▶ **SUPPLIED ENTRIES**:
▬▬▬▬▬▬

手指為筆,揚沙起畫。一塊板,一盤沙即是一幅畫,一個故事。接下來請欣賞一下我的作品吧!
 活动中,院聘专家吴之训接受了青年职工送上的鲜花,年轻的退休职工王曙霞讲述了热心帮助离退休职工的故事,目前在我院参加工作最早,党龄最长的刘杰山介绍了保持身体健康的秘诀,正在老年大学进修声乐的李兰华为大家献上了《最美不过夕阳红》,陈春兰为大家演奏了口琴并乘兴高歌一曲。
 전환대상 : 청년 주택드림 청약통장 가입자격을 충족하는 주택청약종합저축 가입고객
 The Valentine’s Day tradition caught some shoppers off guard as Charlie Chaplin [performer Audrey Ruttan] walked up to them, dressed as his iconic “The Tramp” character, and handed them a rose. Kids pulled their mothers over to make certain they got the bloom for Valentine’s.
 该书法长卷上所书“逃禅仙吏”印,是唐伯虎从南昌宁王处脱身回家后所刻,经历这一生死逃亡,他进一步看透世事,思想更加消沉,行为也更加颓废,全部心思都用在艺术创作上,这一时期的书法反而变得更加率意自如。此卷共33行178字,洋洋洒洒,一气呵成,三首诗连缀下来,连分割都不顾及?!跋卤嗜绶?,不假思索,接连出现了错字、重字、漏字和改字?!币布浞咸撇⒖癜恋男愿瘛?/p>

▬▬▬▬▬▬

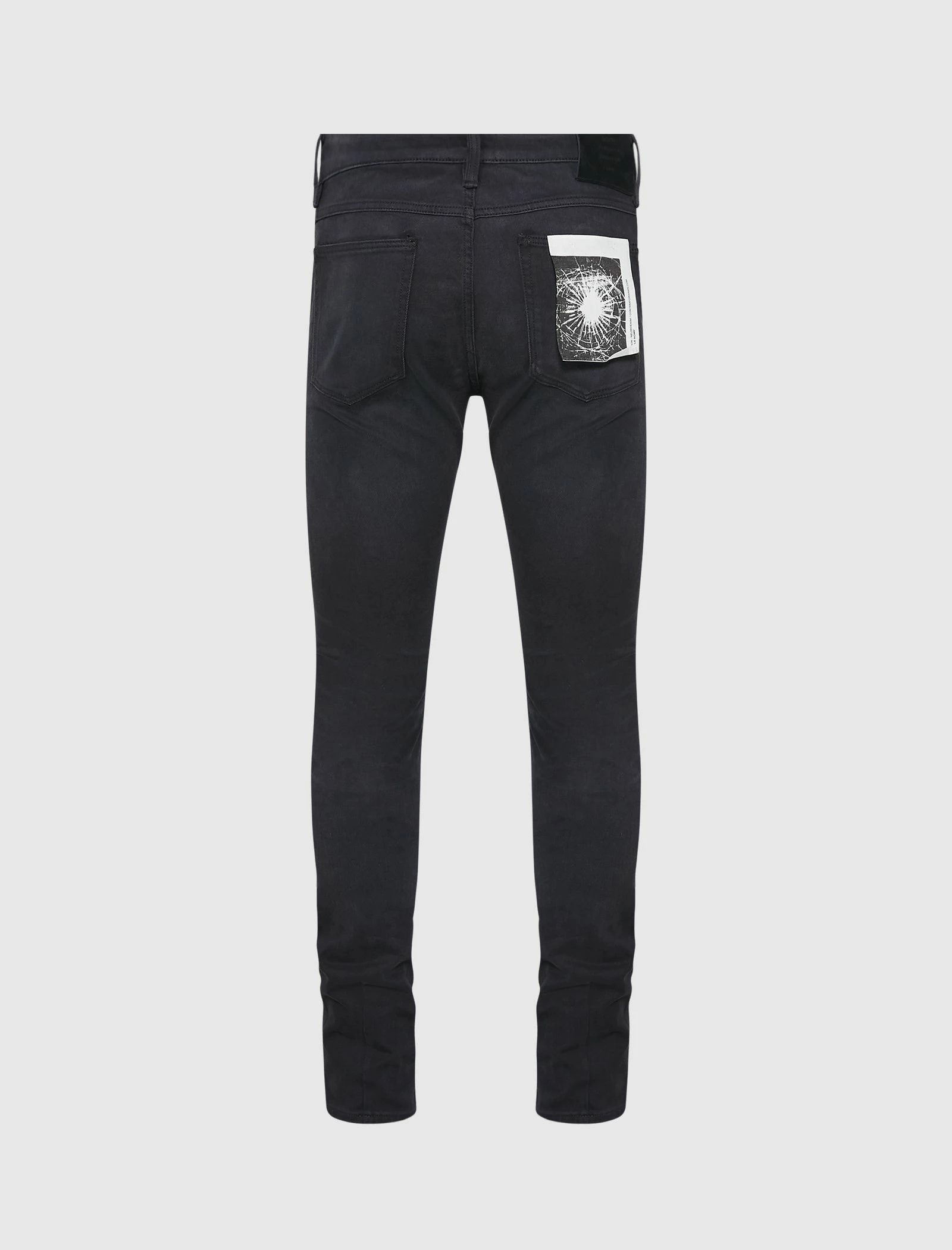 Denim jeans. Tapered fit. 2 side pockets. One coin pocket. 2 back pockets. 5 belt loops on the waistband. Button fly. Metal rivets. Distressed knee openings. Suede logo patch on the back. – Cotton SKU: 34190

▬▬▬▬▬▬

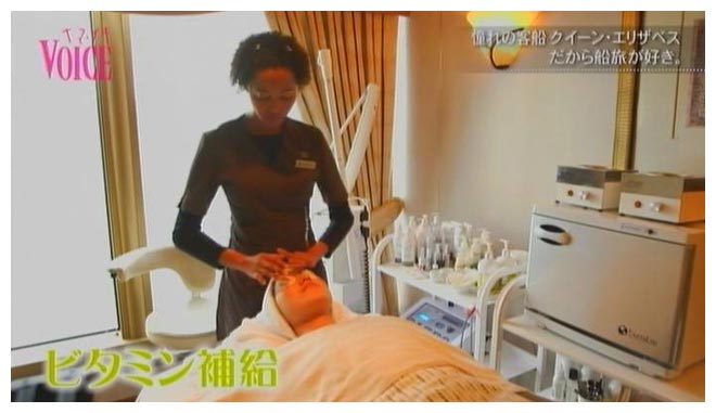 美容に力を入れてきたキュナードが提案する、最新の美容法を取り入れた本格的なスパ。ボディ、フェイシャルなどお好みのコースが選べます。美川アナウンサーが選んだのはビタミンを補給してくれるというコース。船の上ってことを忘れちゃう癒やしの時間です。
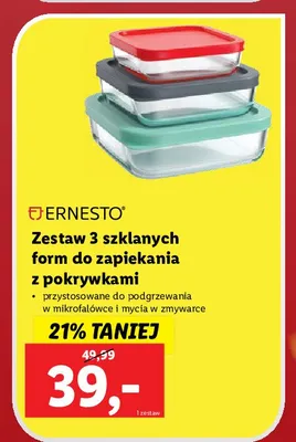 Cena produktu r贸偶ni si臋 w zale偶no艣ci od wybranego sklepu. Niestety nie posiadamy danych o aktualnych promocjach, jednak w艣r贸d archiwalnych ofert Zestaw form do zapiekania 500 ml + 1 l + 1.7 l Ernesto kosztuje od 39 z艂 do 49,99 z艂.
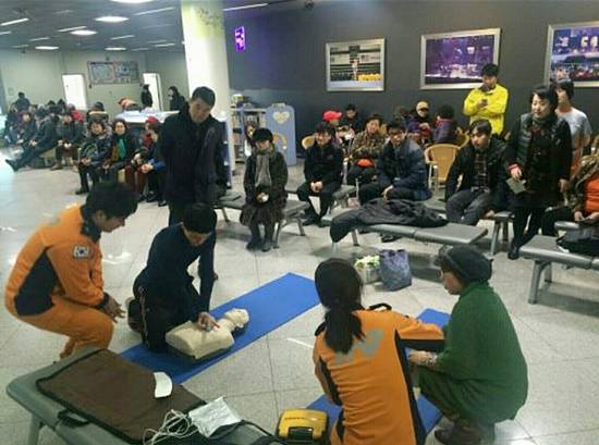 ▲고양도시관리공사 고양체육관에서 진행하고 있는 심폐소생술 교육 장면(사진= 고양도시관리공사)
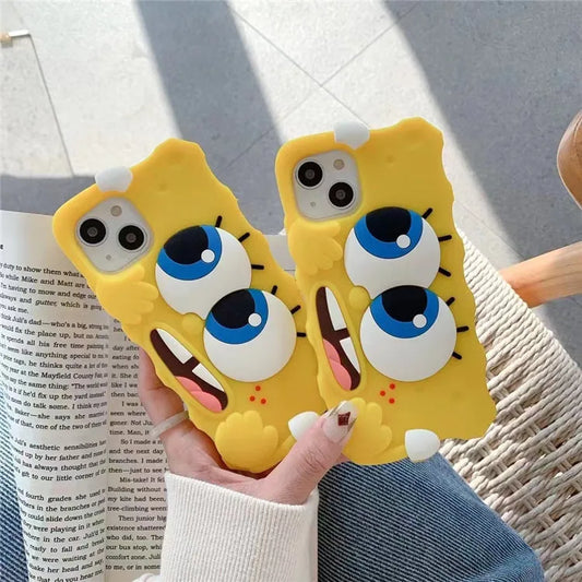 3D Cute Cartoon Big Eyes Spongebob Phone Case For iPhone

▬▬▬▬▬▬

Look above for the line with "교육 장면(사진= 고양도시관리공사)" and the line with "3D Cute Cartoon", then restate exactly those two lines and all lines between them, with no pictures.

 ▲고양도시관리공사 고양체육관에서 진행하고 있는 심폐소생술 교육 장면(사진= 고양도시관리공사)
 3D Cute Cartoon Big Eyes Spongebob Phone Case For iPhone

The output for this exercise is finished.